The definition of this duty to disclose and its scope have apparently never been explored by the courts of this State. As might be expected, there are conflicting views on the subject in other jurisdictions. Those views are thoroughly analyzed by the Court of Appeals in Canterbury v. Spence (464 F. 2d 772). Some jurisdictions have held that the duty to disclose and the required scope of the disclosure must be established by expert medical testimony of the standards of the medical profession. In Canterbury, the court held that the duty , and scope of disclosure arise apart from medical considerations and are not governed by the profession’s standards of due care but by the general standard of conduct reasonable under all the circumstances. This general standard recognizes the patient’s prerogative to decide on the projected treatment whereas a medical standard is largely self-serving. We consider the Canterbury rule preferable and hold that a doctor is obliged to divulge to his patient the risks which singly or in combination, tested by general considerations of reasonable disclosure under all the circumstances, will materially affect the patient’s decision whether to proceed with the treatment. This is not a retrospective determination. There should be no criticism of the physician unless the fact-finder determines that the information supplied was unreasonably inadequate (Canterbury v. Spence, supra, p. 787).
In this case there was evidence that the doctors recognized cold injury as a risk incident to the use of hypothermia, particularly to a person in the physical condition of Mrs. Fogal. Dr. Geary testified that he did, in fact, warn Mr. and Mrs. Fogal of that danger. The hospital record of Dr. Templeton also is evidence of his awareness of the danger. Both plaintiff and *474Mrs. Fogal denied that cold injury was ever mentioned or suggested as an inherent danger in the operation. Whether they possessed sufficient knowledge of the risks of cold injury before consenting to the procedure was for the jury.
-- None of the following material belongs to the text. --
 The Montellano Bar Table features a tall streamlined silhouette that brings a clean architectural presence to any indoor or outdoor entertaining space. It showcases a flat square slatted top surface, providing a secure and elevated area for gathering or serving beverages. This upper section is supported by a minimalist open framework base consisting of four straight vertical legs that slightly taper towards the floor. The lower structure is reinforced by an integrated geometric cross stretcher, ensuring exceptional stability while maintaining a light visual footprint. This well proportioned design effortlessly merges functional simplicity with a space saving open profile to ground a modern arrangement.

It is no answer that Mrs. Fogal did not state that she would have refused the operation had she known of this particular hazard. Whether she would have done so or not, her determination would have been subjective and her statement would not be conclusive evidence one way or the other. Whether the damage is causally related to the failure to disclose must be determined objectively. The question is not, what would Mrs. Fogal have decided, but what would a reasonably prudent person in Mrs. Fogal’s circumstances, having sufficient knowledge of the material risks incident to the procedure, have decided (Canterbury v. Spence, supra, pp. 790-791). That the hypothermia was appropriate or necessary to the surgery is beside the point. The patient may always choose between two apparent dangers, one attendant upon surgery, the other resulting from the continuation of an existing condition because of a decision not to undergo surgery.
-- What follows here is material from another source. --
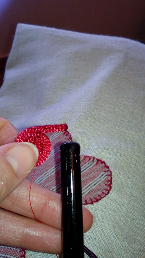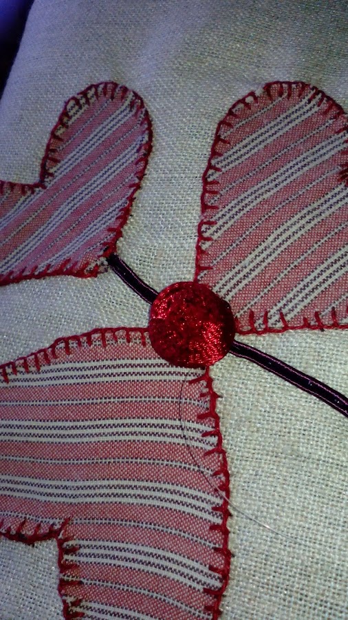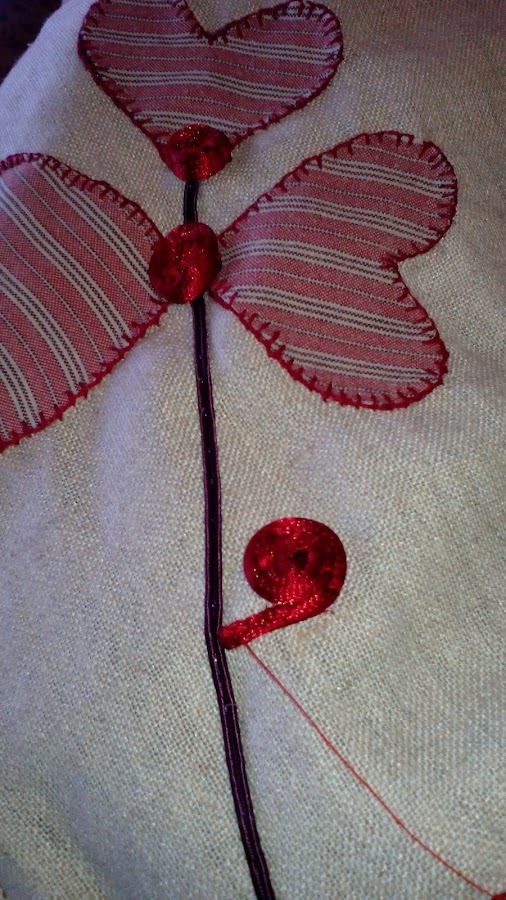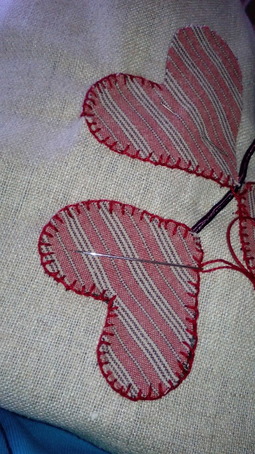 Vamos dando forma a nuestro dibujo, déjate llevar lo que salga......con puntos pequeños e hilo del mismo color, la costura tiene que ser limpia.

It is contended by the doctors and the hospital that the doctrine of res ipso loquitur was not applicable on the facts of this case to establish negligence. The plaintiff attempted to show specific acts of negligence against those defendants and also relied upon res ipso loquitur to establish a prima facie case. The procedure was permissible and the court correctly charged the jury on the negligence claims against the doctors and the hospital (see Abbott v. Page Airways, 23 N Y 2d 502).
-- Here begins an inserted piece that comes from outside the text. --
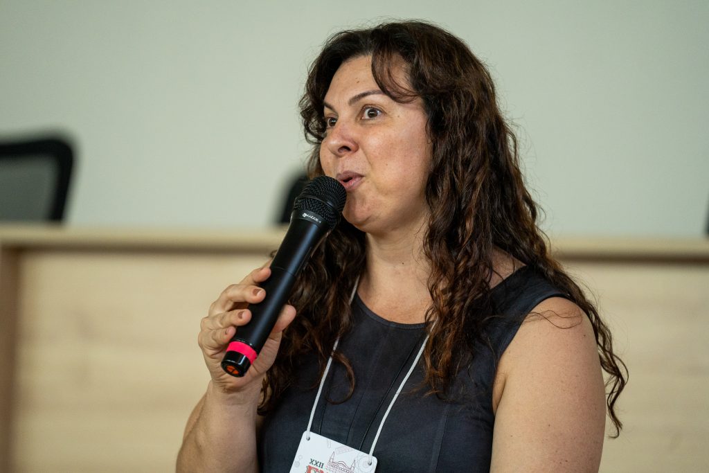 Ivanise Rizzatti iniciou a apresentação com uma análise crítica sobre a formação de professores. “Estamos realmente conectando nossas pesquisas com as necessidades da formação de professores?”, questionou. “Além disso, quem são os formadores de formadores? Muitos pesquisadores na área de ensino vêm de campos específicos e enfrentam um grande desafio ao fazer a transição para o ensino”, completou Rizzatti.

It has been, said many times that res ipso loquitur is a rule of evidence which permits the jury to draw the conclusion from the occurrence of an unusual event that it happened through defendant’s fault. It allows the jury to infer negligence and causation sufficient to establish a prima facie case based on circumstantial evidence of the facts attendant on the occurrence (Griffen v. Manice, 166 N. Y. 188). The conditions usually required before the rule may be applied are stated to be (1) the event must be of a kind which ordinarily does not occur in the absence of someone’s negligence; (2) it must be caused by an agency or instrumentality within the exclusive control of the defendant; (3) it must not be due to any voluntary action or contribution on the part of the plaintiff and (4) evidence as to the true explanation of the event must be more readily accessible to the defendant than the plaintiff (Prosser, Torts [3d ed.], 218). The rgle may be applied to the doctors and hospital *475individually or jointly because each owed an independent duty to the patient and exercised concurrent control over the operation and equipment (Matlick v. Long Is. Jewish Hosp., 25 A D 2d 538; and see Corcoran v. Banner Super Market, 19 N Y 2d 425).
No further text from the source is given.